Handling linker scripts reached when dynamically loading a module
Hi, In Haskell I experienced a situation where dynamically loaded modules were experiencing "invalid ELF header" errors. This was caused by the module names actually referring to linker scripts rather than ELF binaries. I patched the GHC runtime system to deal with these scripts. I noticed that this same patch has been ported to Ruby and Node.js, so I suggested to the libc developers that they might wish to incorporate the patch into their library, making it available to all languages. They rejected this suggestion, so I am making the suggestion to the Python devs in case it is of interest to you. Basically, when a linker script is loaded by dlopen, an "invalid ELF header" error occurs. The patch checks to see if the file is a linker script. If so, it finds the name of the real ELF binary with a regular expression and tries to dlopen it. If successful, processing proceeds. Otherwise, the original "invalid ELF error" message is returned. If you want to add this code to Python, you can look at my original patch (http://hackage.haskell.org/trac/ghc/ticket/2615) or the Ruby version (https://github.com/ffi/ffi/pull/117) or the Node.js version (https://github.com/rbranson/node-ffi/pull/5) to help port it.
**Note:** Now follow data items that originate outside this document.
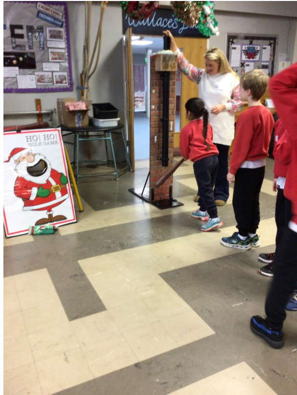
Year 5 - Xmas Fun Photos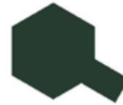
XF-70 Dark Green2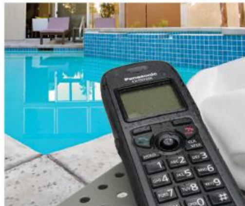
Dust & Splash Resistant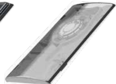
Turbine Energy from turbine extends the battery life to up to eight years.

Note that the GHC version in GHC 7.2.1 has been enhanced to also handle another possible error when the linker script is too short, so you might also want to add this enhancement also (see https://github.com/ghc/blob/master/rts/Linker.c line 1191 for the revised regular expression): "(([^ \t()])+\\.so([^ \t:()])*):([ \t])*(invalid ELF header|file too short)" At this point, I don't have the free time to write the Python patch myself, so I apologize in advance for not providing it to you. HTH, Howard B. Golden Northridge, California, USA
Excuse me for asking a newbie question, but what are linker scripts
and why are they important? I don't recall anyone ever having
requested this feature before.
--Guido
On Wed, Sep 7, 2011 at 12:33 PM, Howard B. Golden
Hi,
In Haskell I experienced a situation where dynamically loaded modules were experiencing "invalid ELF header" errors. This was caused by the module names actually referring to linker scripts rather than ELF binaries. I patched the GHC runtime system to deal with these scripts.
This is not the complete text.